Clorox Insider Laurene Peck Settles 1,418 Performance Shares
Rhea-AI Filing Summary
Laurene E. Peck, Vice President, Chief Accounting Officer & Corporate Controller of Clorox Co (CLX), reported changes in her beneficial ownership on 10/03/2025. She received 1,418 shares on settlement of a 2022 performance unit grant at a reported price of $122.25 per share and elected to defer settlement under the 2005 Stock Incentive Plan. The filing shows share withholding to cover tax obligations: 36 shares withheld for performance stock units and 243 shares withheld for restricted stock, both at $122.25. Following these transactions and including a 186-share dividend reinvestment, total beneficial ownership is reported as 7,271 shares (direct) before certain adjustments and 6,992 shares noted as indirect via a trust of a parent. The form is signed by an attorney-in-fact on 10/07/2025.
Positive
- 1,418 shares settled from a 2022 performance unit grant, reflecting compensation realization
- Election to defer settlement under the 2005 Stock Incentive Plan, indicating tax or cash-flow planning
- 186 shares added via dividend reinvestment, modestly increasing ownership
Negative
- Company withheld 279 shares (36 + 243) to satisfy tax obligations, reducing net received shares
- Reported ownership split includes an indirect holding via a trust, which can complicate direct voting or control visibility
Insights
Vested equity paid out with tax withholding and an election to defer.
The reporting shows settlement of a 2022 performance unit grant on 10/03/2025 for 1,418 shares at $122.25, with the reporting person electing to defer the settlement under the 2005 Stock Incentive Plan. Deferred settlement indicates the executive chose to delay receipt of cash proceeds or shares consistent with plan terms.
Withholdings of 36 and 243 shares to satisfy tax obligations for performance units and restricted stock respectively are standard payroll tax mechanics and reduce net share delivery. Watch any subsequent Form 4s for changes if the deferred balance is settled or if further tax-related share sales occur within the next 12 months.

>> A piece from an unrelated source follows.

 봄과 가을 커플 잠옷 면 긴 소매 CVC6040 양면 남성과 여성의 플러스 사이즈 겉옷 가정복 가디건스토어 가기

Insider transactions reflect standard equity compensation administration, not a change in control or extraordinary event.

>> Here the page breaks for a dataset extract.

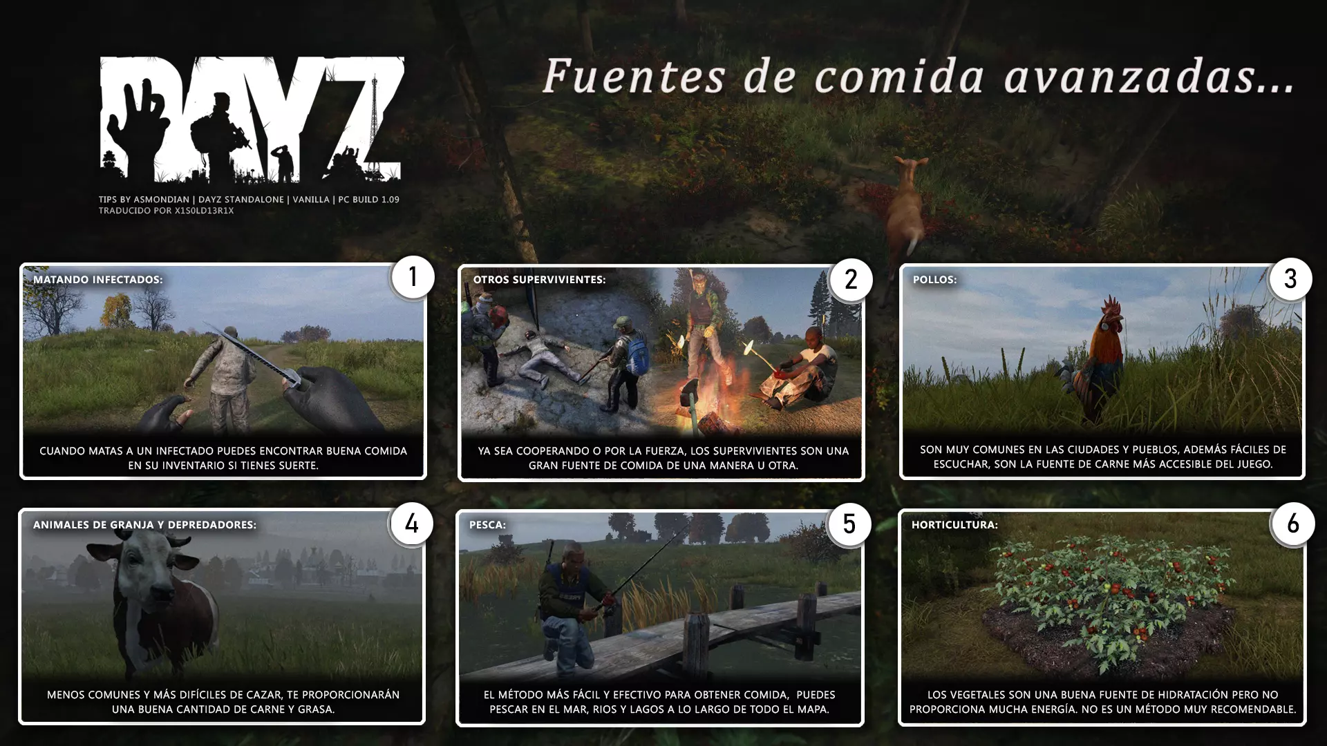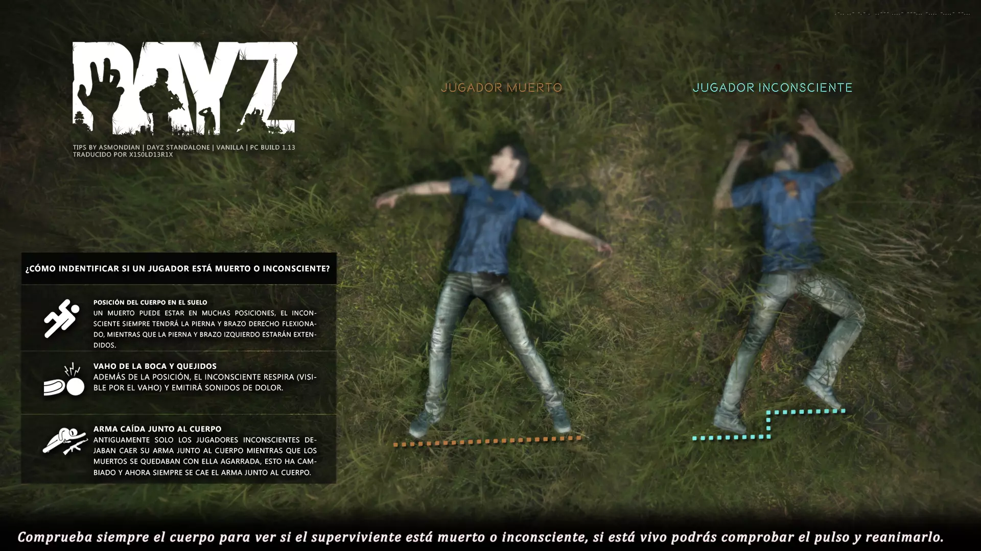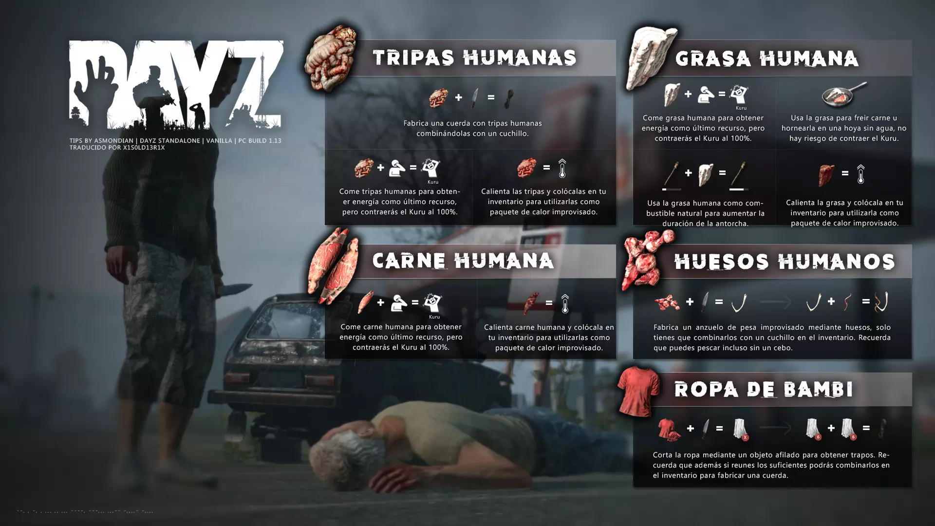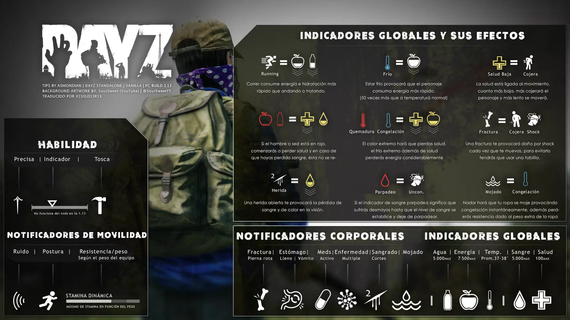 Aquí iré informando de las futuras actualizaciones de la guía. · 23/03/2021 - Guía actualizada hasta la versión 1.11 · 29/05/2021 - Guía actualizada hasta la versión 1.12 También se ha añadido una segunda sección de servers recomendados con el mapa de Namalsk · 13/06/2021 - Añadidos varios servers recomendados de Esseker y añadido un nuevo server recomendado para Chernarus (Invicta server) · 03/07/2021 - Actualizada la imagen principal de la sección "[Primeros pasos] Comida" con los nuevos tipos de comida. Añadida una nueva infografía en "[Info] Horticultura" con más datos significativos. · 04/07/2021 -Actualizada la sección "[Primeros pasos] Comida" con una imagen actualizada de los valores de la carne. Añadido un consejo con infografía de Asmondian en la sección " [Info] Caza" sobre como aprovechar los cadáveres humanos para nuestra supervivencia. · 04/07/2021 - Se están actualizando las infografías de Asmondian a la 1.13 que contienen nueva información, es algo que llevará algún tiempo. · 18/07/2021 - Se ha creado un grupo de Steam para la comunidad hispanohablante de DayZ, es un punto de encuentro para todos los supervivientes donde contar nuestras historias, consultar dudas, problemas y todo lo relacionado sobre el juego. https://steamcommunity.com/groups/DayZ-ESP · 5/08/2021 - Traducidas las infografías de la sección "[Protección] Chalecos y cascos" y "[Sistema inmunitario] Enfermedades" · 7/08/2021 Añadido nuevo server Livonia a recomendados: [GER] TheVoid | Hardcore | Organic RP | 1PP |: 5.230.84.31:2302 Es un Role Play Orgánico muy recomendable y bastante popular a pesar de estar recién abierto. · 13/08/2021 Añadido nuevo server Chernarus a recomendados: 14 DIAS | NEVER ZURRENDER | PVP | ORGANIC RP: 138.201.83.45:2304 Servidor semi-RP Orgánico en español, se ha añadido de manera excepcional por ser un buen sitio para aprender a jugar para aquellos que tengan menos paciencia, el server da bastantes facilidades como un mapa, comida extra y demás añadidos que desde aquí no solemos recomendar, sin embargo está bastante bien para empezar a jugar ya que no es un server Hardcore y además tiene una buena comunidad. · 14/08/2021 - Actualizadas infografías de las medicinas en la sección: [Medicamentos] Clases, [Reparación] Reparar loot, [Primeros pasos] Comida y [Shock] Inconsciencia · 17/08/2021 - Añadida nueva info a la sección [Daños] Dolor que no había sido incluida, básicamente que la morfina es un remedio muy efectivo contra el dolor. · 11/09/2021 - Guía actualizada hasta la versión 1.13, Añadida nueva sección médica llamada [Enfermedad] Heridas infectadas. · 27/10/2021 - Creada sección [Enfermedad] Envenenamiento Tóxico en la guía médica para conocer lo relativo a esta enfermedad. · 30/10/2021 - Creada sección [Info] Zona Tóxica en la guía de supervivencia donde se revelan todos los datos relativos a las zonas contaminadas y actualizada la lista de servers recomendados. · 31/10/2021 - Guía actualizada a la 1.14 en su mayor parte, lo cierto es que no tengo tiempo para completarla como me gustaría pero cuando lo disponga lo haré, añadido nuevo consejo en [Combate] Nociones avanzadas 2 para matar a los zombies de una puñalada, también se ha actualizado la sección de Trampas de la guía de armas y combate. · 15/01/2022 - Actualizadas las secciones de armas de la guía de armamento y combate, se han añadido las armas que faltaban. Actualizada la sección [Crafting] Armas recortadas. · 16/01/2022 - Actualizada la sección [Sangre] Heridas con la nueva info sobre infecciones en los cortes. · 17/01/2022 - Creada nueva sección con los tipos de zombies en la guía básica. · 03/04/2022 - Editada sección [Reparación] Reparar loot de la guía de crafting (básicamente que las máscaras de gas se pueden reparar con Epoxy y el traje NBQ con el kit de reparación de neumáticos. NOTA: Hacer las trampas para peces. · 20/04/2022 - Actualizada la sección de servers, se han incluido nuevos servidores y eliminado las comunidades cerradas, además de actualizas algunas IPs, la mayor novedad es que ha vuelto el servidor DayZ Core de Livonia y ha tenido una gran acogida. · 30/04/2022 -Actualizada la sección de "[Crafting] Básico" de la guía de crafting y loot, se han incluido un par de infografías de Asmondian. · 02/05/2022 - Actualizada la sección de "[Info] Pesca" de la guía de supervivencia, se han incluido las trampas para peces, lo mismo con [Info] Caza, se ha incluido el lazo trampa para conejos y gallinas, también [Info]La cocina (2ª Parte), en ella se ha actualizado el método de cocina "Hervido" con nueva info y por último mencionar que los helicrash cuando spawnean emiten un ruido estrellándose que permite escucharlos, con esto la guía queda completamente actualizada a la versión 1.14 · 07/05/2022 - Voy a tratar de rehacer todas las secciones de la guía para mejorarla, de momento he comenzado con la básica sección por sección. · 20/05/2022 - Guía actualizada completamente a la 1.15 · 10/06/2022 -Actualizada la sección [Info] Zombies 1/1 añadiendo la alarma como método de distracción, actualizada guía con nueva info: es posible beber con las manos manchadas de sagre sin enfermar si se hace desde un recipiente, nueva info sobre la reparación de loot y ahora es posible crear una tablilla para fracturas mediante cinta aislante y palos cortos. Actualizada la guía completamente a la 1.16. · 23/01/2023 - Actualizado servidores recomendados · 02/02/2023 - Estoy actualizando la guía lentamente, ya que algunas partes han quedado obsoletas, actualmente hay datos erróneos debido a que se han cambiado mecánicas. Introducción

The transactions are routine: vesting, withholding, dividend reinvestment (186 shares), and reporting of direct and indirect holdings (direct: 7,271; indirect: 6,992 via trust). No options or derivative exercises are reported.
Investors may note the indirect holding via a trust of a parent and the attorney-in-fact signature on 10/07/2025; monitor subsequent filings if the trust structure or ownership levels materially change over the next fiscal quarter.
Insider Trade Summary
| Type | Security | Shares | Price | Value |
|---|---|---|---|---|
| Grant/Award | Common Stock | 1,418 | $122.25 | $173K |
| Tax Withholding | Common Stock | 36 | $122.25 | $4K |
| Tax Withholding | Common Stock | 243 | $122.25 | $30K |
| holding | Common Stock | -- | -- | -- |
Footnotes (1)
- Settlement of 2022 Performance Unit Grant that vested 10/3/25, which the reporting person has elected to defer pursuant to the 2005 Stock Incentive Plan. Withholding of shares by the Company to satisfy tax obligations relating to vesting of performance stock units. Withholding of shares by the Company to satisfy tax obligations relating to vesting of restricted stock. Includes 186 shares acquired pursuant to a dividend reinvestment feature of the Company's Stock Incentive Plan.